Ghanaian counsellor and minister (born 1962)

Rita Korankye Ankrah (born 23 May 1962) is a Ghanaian career guidance adviser, marriage counsellor, minister and motivational speaker. She is the Founder and President of Royal Ladies Ministries International. She is married to the Apostle General of the Royalhouse Chapel International, Sam Korankye Ankrah, therefore serving in the role of Premier Lady of the church which she co-founded with her husband.

== Early life and education ==
Born on 23 May 1962, Ankrah is an Akan with her father being a native of Akrokerri in the Ashanti Region and her mother from Wassa-Akropong in the Western Region. She was born and bred in Chorkor, a town in the central part of Accra in the Greater Accra Region. Whilst growing up, she was a Catholic and hoped on being a Catholic nun which influenced her in spending part of her school vacation in a Catholic Convent in Agomeya. She started basic school at St. Theresa's School at Kaneshie in Accra. She had her secondary school education at St. Mary's Secondary School, Accra, Ghana completing in 1981.
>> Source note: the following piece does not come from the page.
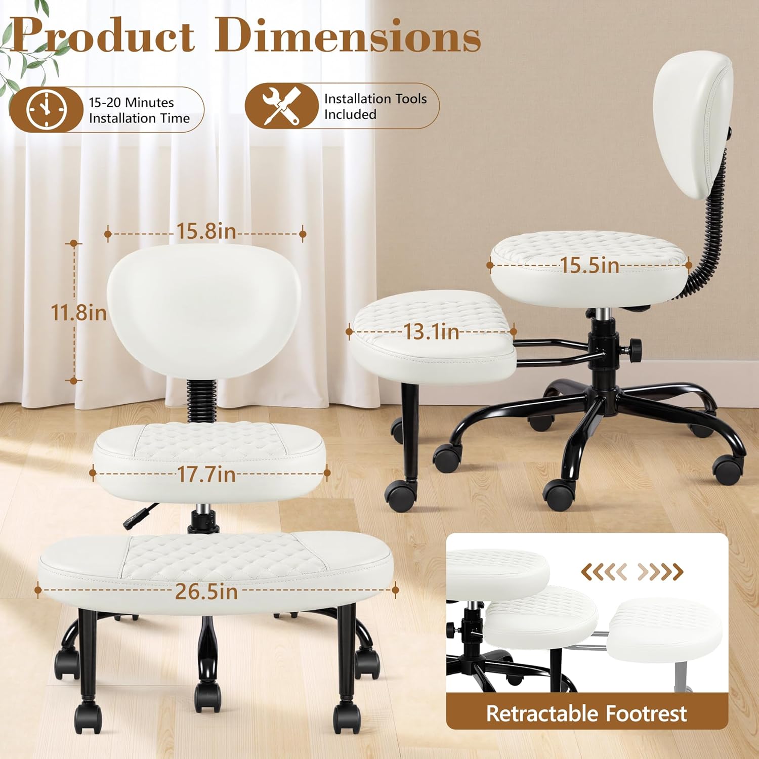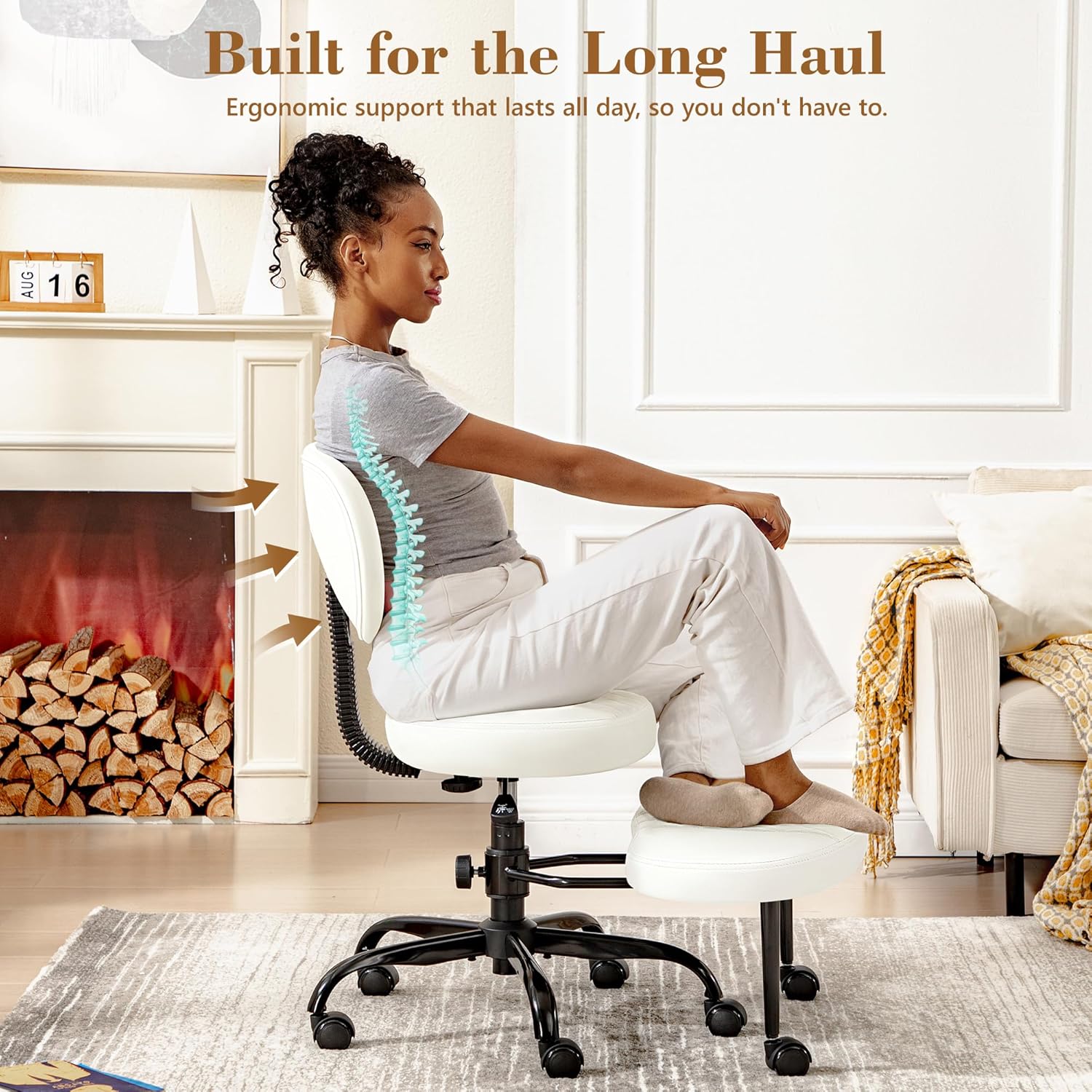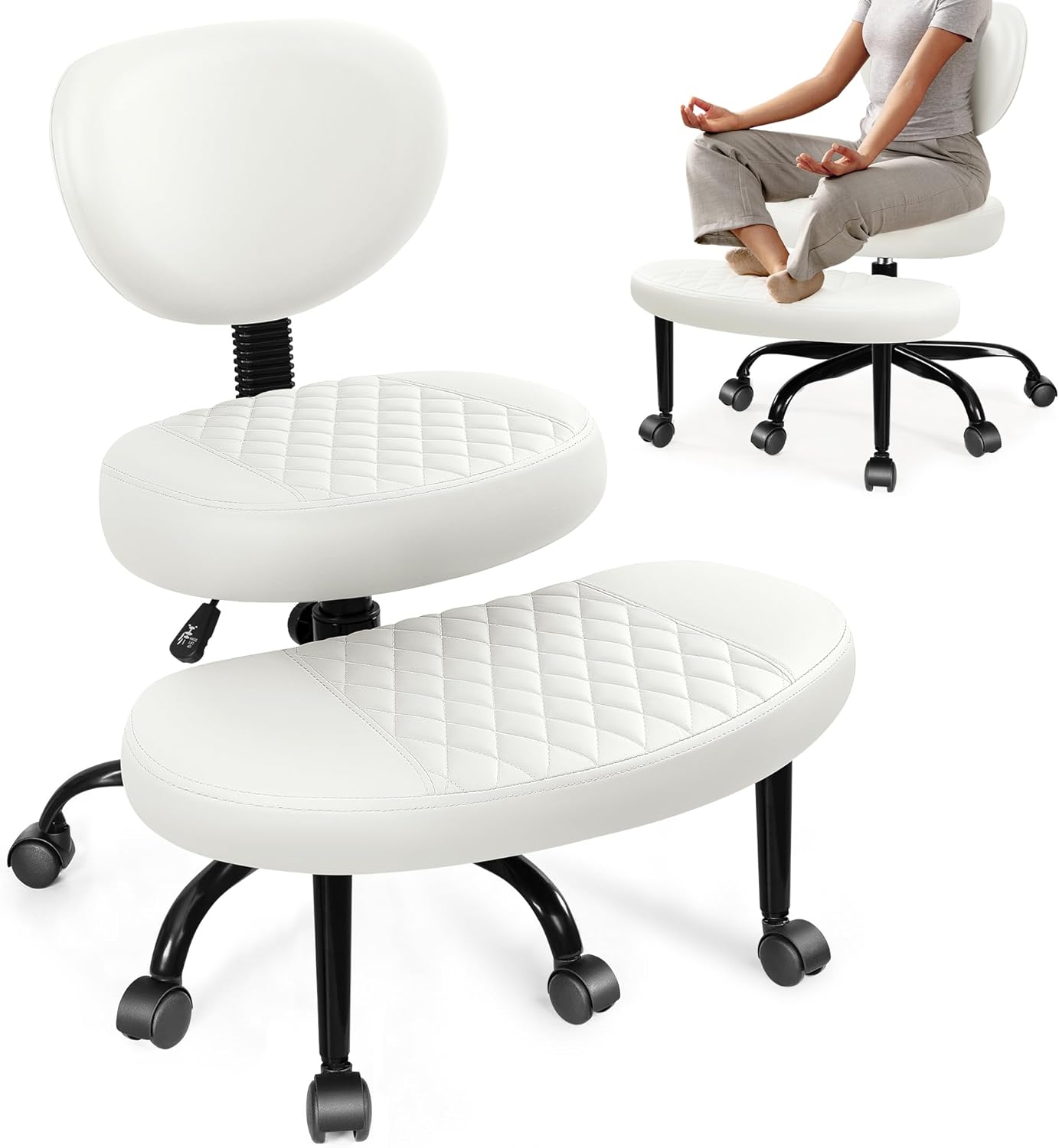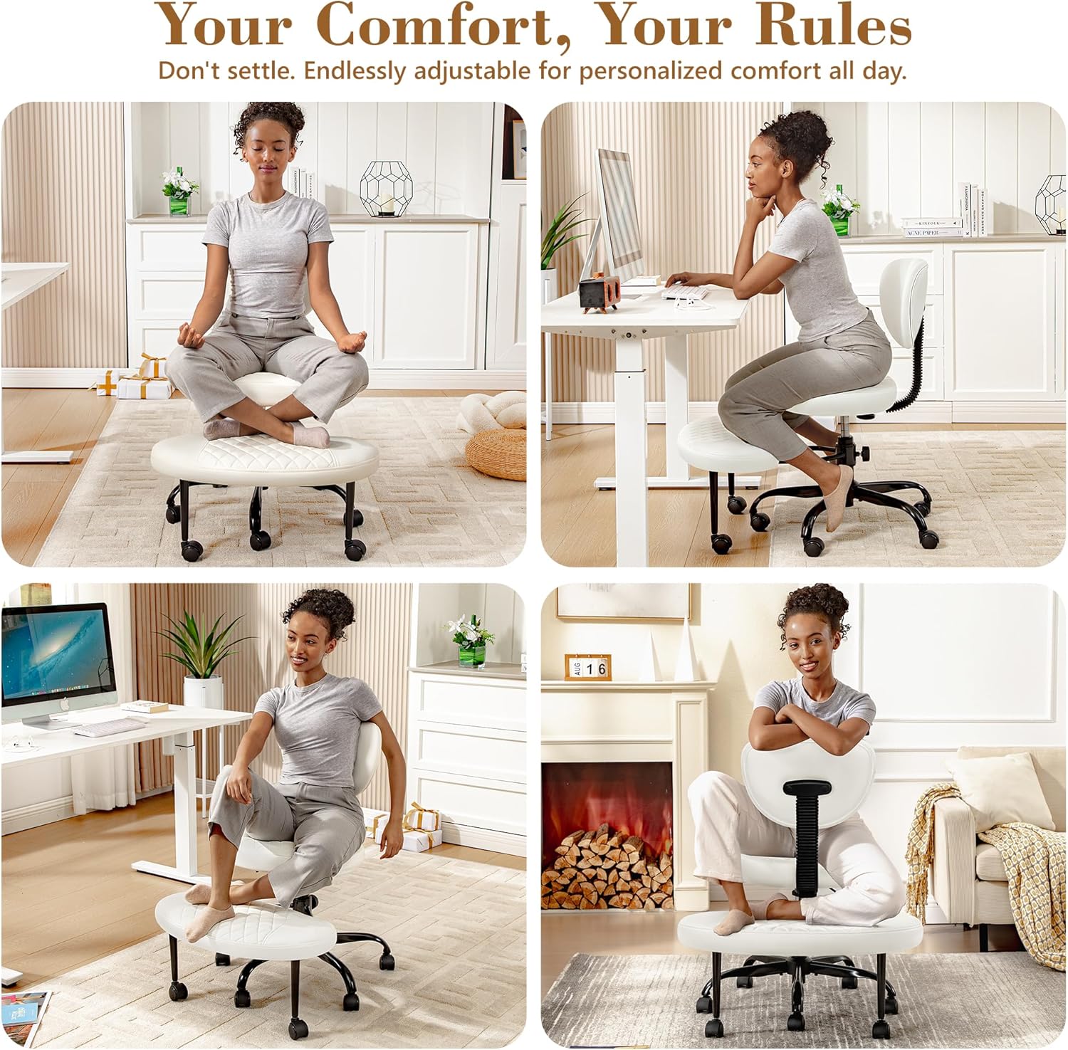 Ergonomic Cross Legged Office Chair with Wheels – Adjustable Height for Meditation, ADHD Desk & Yoga – Wide Criss Cross Design with Lumbar Support, Kneeling Chair – White

After completing St. Mary's she proceeded to Zion College where she rewrote her GCE ordinary level. After completion, she enrolled at Accra Technical University then Accra Polytechnic to study for a diploma in Business Studies from 1983 to 1985. She holds other diplomas in Counselling & Psychology, and Entrepreneurial Studies. Whilst working as a full-time minister along with her husband, at the age of 41, she enrolled at Ghana Institute of Management and Public Administration (GIMPA) for a bachelor's degree programme in Business Entrepreneurship and Management completing in 2006. She furthered her education again at GIMPA completing with a master's degree in Governance and Leadership in 2010.

== Career ==

=== Royalhouse Chapel International ===
Whilst her husband, Sam travelled to Netherlands to study, he had a spiritual encounter on 19 June 1991, where God told him to return to ministry full-time in Ghana. Before he returned to Ghana in November 1992, he gave her the approval to start Sunday services with members of the Showers of Blessings, which took place at the GES Model Nursery School in Accra with 12 adults and 12 children attending the first Sunday service.
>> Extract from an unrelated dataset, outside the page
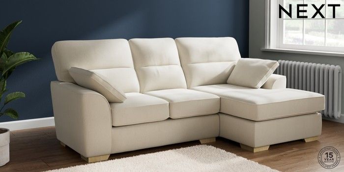 7.2.10 Buy Stamford Highback Small Sofa Chaise - Right Hand Relaxed Linen Look Oyster Large Square Angle - Light from the Next UK online shop Click here to use our accessible website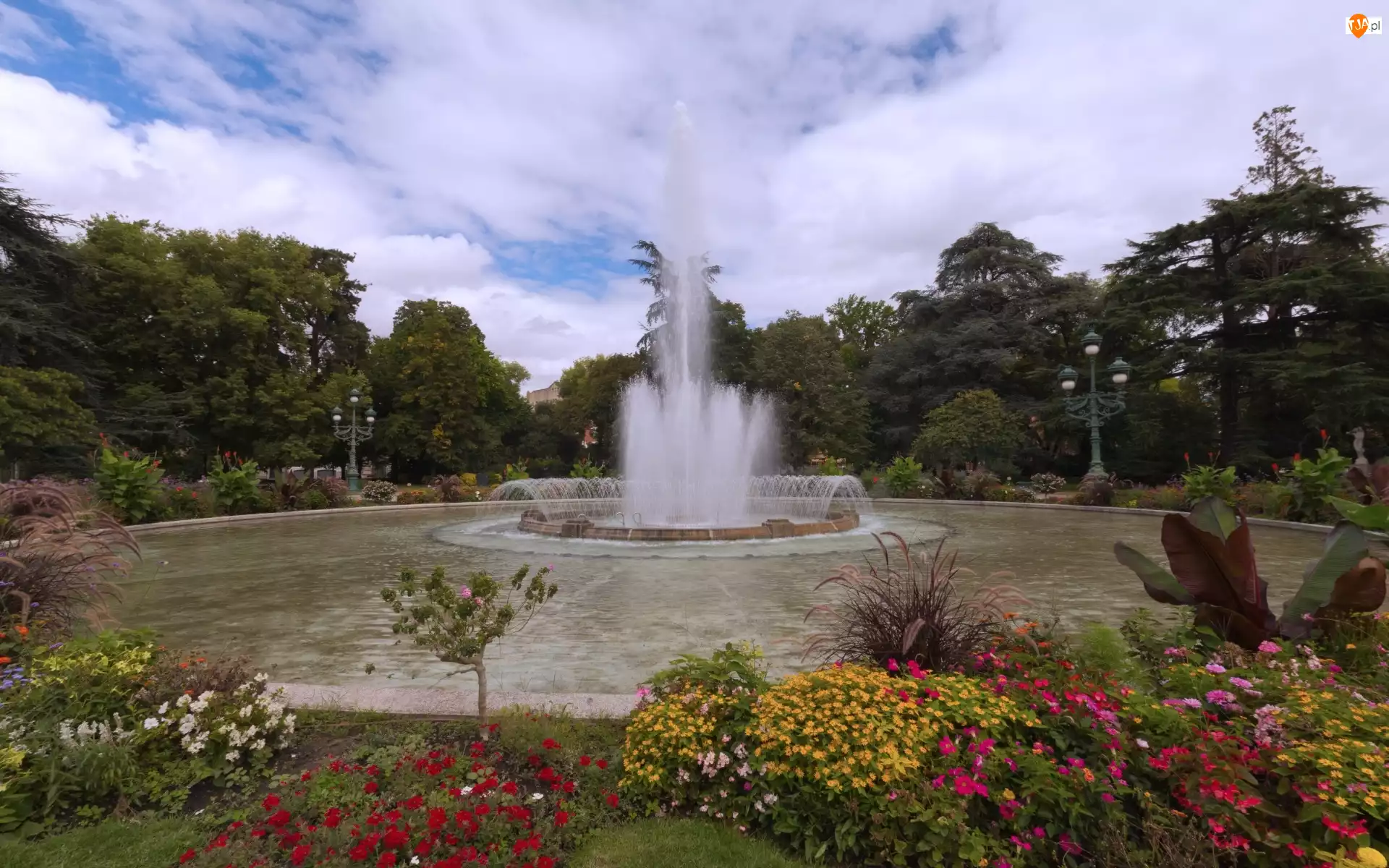 Park, Fontanna, Latarnie, Kwiaty, Staw

She is the Founder and President of Royal Ladies Ministries International, the women's wing of the Royalhouse Chapel International, which she founded in 1994. She worked in the banking sector for 10 years before quitting her job to enter into full time ministry with her husband in 1998.

=== Other ventures ===
Ankrah runs other businesses aside from serving in the Royalhouse Chapel International Ministry, including a catering and event planning service.

== Personal life ==
In 1982, Rita met her husband, Sam Korankye Ankrah whilst he was on evangelism duty in her school at Zion College. They got married on 6 September 1986 when she was 24 years. The couple have four children: Nana Akos, Paapa, Naa Dromo and Mawuena. In 2016, the couple celebrated their 30th Marriage Anniversary.